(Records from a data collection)
=== Section Start ===

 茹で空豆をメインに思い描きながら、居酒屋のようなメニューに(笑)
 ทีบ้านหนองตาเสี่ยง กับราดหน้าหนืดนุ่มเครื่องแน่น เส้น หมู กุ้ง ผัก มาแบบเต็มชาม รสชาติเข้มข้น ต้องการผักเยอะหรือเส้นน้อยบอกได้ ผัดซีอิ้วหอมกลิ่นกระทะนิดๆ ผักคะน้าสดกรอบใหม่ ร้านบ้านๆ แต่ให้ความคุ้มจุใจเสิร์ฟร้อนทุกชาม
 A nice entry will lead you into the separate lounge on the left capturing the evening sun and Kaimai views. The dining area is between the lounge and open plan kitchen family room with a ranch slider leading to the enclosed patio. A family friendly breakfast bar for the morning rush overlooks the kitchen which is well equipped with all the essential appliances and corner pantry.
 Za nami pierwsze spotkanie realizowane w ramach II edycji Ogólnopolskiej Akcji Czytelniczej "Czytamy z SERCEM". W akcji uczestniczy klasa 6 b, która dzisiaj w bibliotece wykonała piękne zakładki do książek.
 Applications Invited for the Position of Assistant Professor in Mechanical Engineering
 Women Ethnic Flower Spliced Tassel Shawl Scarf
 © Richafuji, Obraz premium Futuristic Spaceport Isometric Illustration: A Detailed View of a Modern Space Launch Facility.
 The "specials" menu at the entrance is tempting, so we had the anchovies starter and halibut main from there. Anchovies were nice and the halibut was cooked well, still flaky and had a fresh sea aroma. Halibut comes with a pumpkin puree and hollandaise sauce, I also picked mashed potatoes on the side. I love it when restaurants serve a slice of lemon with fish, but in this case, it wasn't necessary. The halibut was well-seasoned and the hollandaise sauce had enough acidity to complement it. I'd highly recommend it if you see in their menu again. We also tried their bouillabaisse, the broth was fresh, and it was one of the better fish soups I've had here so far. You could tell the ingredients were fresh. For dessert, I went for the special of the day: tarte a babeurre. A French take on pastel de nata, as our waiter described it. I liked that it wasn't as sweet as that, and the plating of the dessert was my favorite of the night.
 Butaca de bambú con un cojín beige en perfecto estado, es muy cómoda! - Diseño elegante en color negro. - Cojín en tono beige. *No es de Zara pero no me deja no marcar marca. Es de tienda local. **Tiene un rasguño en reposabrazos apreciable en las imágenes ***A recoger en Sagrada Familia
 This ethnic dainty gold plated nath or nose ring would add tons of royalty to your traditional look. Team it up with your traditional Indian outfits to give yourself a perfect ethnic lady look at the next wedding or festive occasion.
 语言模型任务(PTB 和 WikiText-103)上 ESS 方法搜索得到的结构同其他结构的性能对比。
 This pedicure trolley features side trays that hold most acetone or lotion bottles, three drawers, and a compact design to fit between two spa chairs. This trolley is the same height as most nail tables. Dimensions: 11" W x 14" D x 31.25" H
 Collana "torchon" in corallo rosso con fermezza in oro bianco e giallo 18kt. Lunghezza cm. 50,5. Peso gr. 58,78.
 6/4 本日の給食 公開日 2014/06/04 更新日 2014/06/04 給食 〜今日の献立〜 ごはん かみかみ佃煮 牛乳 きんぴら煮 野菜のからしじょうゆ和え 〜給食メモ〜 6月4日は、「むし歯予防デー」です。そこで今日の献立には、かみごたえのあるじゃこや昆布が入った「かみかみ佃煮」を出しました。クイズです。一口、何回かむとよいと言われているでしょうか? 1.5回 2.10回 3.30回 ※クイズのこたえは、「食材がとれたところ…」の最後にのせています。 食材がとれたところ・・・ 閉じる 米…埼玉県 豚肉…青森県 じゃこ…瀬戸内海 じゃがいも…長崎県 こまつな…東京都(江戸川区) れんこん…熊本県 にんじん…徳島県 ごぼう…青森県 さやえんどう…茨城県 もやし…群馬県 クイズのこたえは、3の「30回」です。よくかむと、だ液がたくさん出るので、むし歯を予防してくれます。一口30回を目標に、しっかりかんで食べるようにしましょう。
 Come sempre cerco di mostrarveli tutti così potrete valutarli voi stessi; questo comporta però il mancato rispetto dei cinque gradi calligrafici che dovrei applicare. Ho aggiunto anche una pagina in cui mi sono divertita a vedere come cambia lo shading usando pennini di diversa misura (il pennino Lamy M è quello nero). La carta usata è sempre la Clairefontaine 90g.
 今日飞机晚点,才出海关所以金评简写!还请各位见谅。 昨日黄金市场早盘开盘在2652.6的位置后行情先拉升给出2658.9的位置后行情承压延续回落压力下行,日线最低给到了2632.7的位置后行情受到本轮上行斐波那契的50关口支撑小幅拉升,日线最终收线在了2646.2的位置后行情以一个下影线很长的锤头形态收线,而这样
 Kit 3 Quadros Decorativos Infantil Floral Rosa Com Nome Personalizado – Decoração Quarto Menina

=== Section End ===

*Exercise directions:*
An exact copy of all the entries is what's needed; write it out.

*Written reply:*
 茹で空豆をメインに思い描きながら、居酒屋のようなメニューに(笑)
 ทีบ้านหนองตาเสี่ยง กับราดหน้าหนืดนุ่มเครื่องแน่น เส้น หมู กุ้ง ผัก มาแบบเต็มชาม รสชาติเข้มข้น ต้องการผักเยอะหรือเส้นน้อยบอกได้ ผัดซีอิ้วหอมกลิ่นกระทะนิดๆ ผักคะน้าสดกรอบใหม่ ร้านบ้านๆ แต่ให้ความคุ้มจุใจเสิร์ฟร้อนทุกชาม
 A nice entry will lead you into the separate lounge on the left capturing the evening sun and Kaimai views. The dining area is between the lounge and open plan kitchen family room with a ranch slider leading to the enclosed patio. A family friendly breakfast bar for the morning rush overlooks the kitchen which is well equipped with all the essential appliances and corner pantry.
 Za nami pierwsze spotkanie realizowane w ramach II edycji Ogólnopolskiej Akcji Czytelniczej "Czytamy z SERCEM". W akcji uczestniczy klasa 6 b, która dzisiaj w bibliotece wykonała piękne zakładki do książek.
 Applications Invited for the Position of Assistant Professor in Mechanical Engineering
 Women Ethnic Flower Spliced Tassel Shawl Scarf
 © Richafuji, Obraz premium Futuristic Spaceport Isometric Illustration: A Detailed View of a Modern Space Launch Facility.
 The "specials" menu at the entrance is tempting, so we had the anchovies starter and halibut main from there. Anchovies were nice and the halibut was cooked well, still flaky and had a fresh sea aroma. Halibut comes with a pumpkin puree and hollandaise sauce, I also picked mashed potatoes on the side. I love it when restaurants serve a slice of lemon with fish, but in this case, it wasn't necessary. The halibut was well-seasoned and the hollandaise sauce had enough acidity to complement it. I'd highly recommend it if you see in their menu again. We also tried their bouillabaisse, the broth was fresh, and it was one of the better fish soups I've had here so far. You could tell the ingredients were fresh. For dessert, I went for the special of the day: tarte a babeurre. A French take on pastel de nata, as our waiter described it. I liked that it wasn't as sweet as that, and the plating of the dessert was my favorite of the night.
 Butaca de bambú con un cojín beige en perfecto estado, es muy cómoda! - Diseño elegante en color negro. - Cojín en tono beige. *No es de Zara pero no me deja no marcar marca. Es de tienda local. **Tiene un rasguño en reposabrazos apreciable en las imágenes ***A recoger en Sagrada Familia
 This ethnic dainty gold plated nath or nose ring would add tons of royalty to your traditional look. Team it up with your traditional Indian outfits to give yourself a perfect ethnic lady look at the next wedding or festive occasion.
 语言模型任务(PTB 和 WikiText-103)上 ESS 方法搜索得到的结构同其他结构的性能对比。
 This pedicure trolley features side trays that hold most acetone or lotion bottles, three drawers, and a compact design to fit between two spa chairs. This trolley is the same height as most nail tables. Dimensions: 11" W x 14" D x 31.25" H
 Collana "torchon" in corallo rosso con fermezza in oro bianco e giallo 18kt. Lunghezza cm. 50,5. Peso gr. 58,78.
 6/4 本日の給食 公開日 2014/06/04 更新日 2014/06/04 給食 〜今日の献立〜 ごはん かみかみ佃煮 牛乳 きんぴら煮 野菜のからしじょうゆ和え 〜給食メモ〜 6月4日は、「むし歯予防デー」です。そこで今日の献立には、かみごたえのあるじゃこや昆布が入った「かみかみ佃煮」を出しました。クイズです。一口、何回かむとよいと言われているでしょうか? 1.5回 2.10回 3.30回 ※クイズのこたえは、「食材がとれたところ…」の最後にのせています。 食材がとれたところ・・・ 閉じる 米…埼玉県 豚肉…青森県 じゃこ…瀬戸内海 じゃがいも…長崎県 こまつな…東京都(江戸川区) れんこん…熊本県 にんじん…徳島県 ごぼう…青森県 さやえんどう…茨城県 もやし…群馬県 クイズのこたえは、3の「30回」です。よくかむと、だ液がたくさん出るので、むし歯を予防してくれます。一口30回を目標に、しっかりかんで食べるようにしましょう。
 Come sempre cerco di mostrarveli tutti così potrete valutarli voi stessi; questo comporta però il mancato rispetto dei cinque gradi calligrafici che dovrei applicare. Ho aggiunto anche una pagina in cui mi sono divertita a vedere come cambia lo shading usando pennini di diversa misura (il pennino Lamy M è quello nero). La carta usata è sempre la Clairefontaine 90g.
 今日飞机晚点,才出海关所以金评简写!还请各位见谅。 昨日黄金市场早盘开盘在2652.6的位置后行情先拉升给出2658.9的位置后行情承压延续回落压力下行,日线最低给到了2632.7的位置后行情受到本轮上行斐波那契的50关口支撑小幅拉升,日线最终收线在了2646.2的位置后行情以一个下影线很长的锤头形态收线,而这样
 Kit 3 Quadros Decorativos Infantil Floral Rosa Com Nome Personalizado – Decoração Quarto Menina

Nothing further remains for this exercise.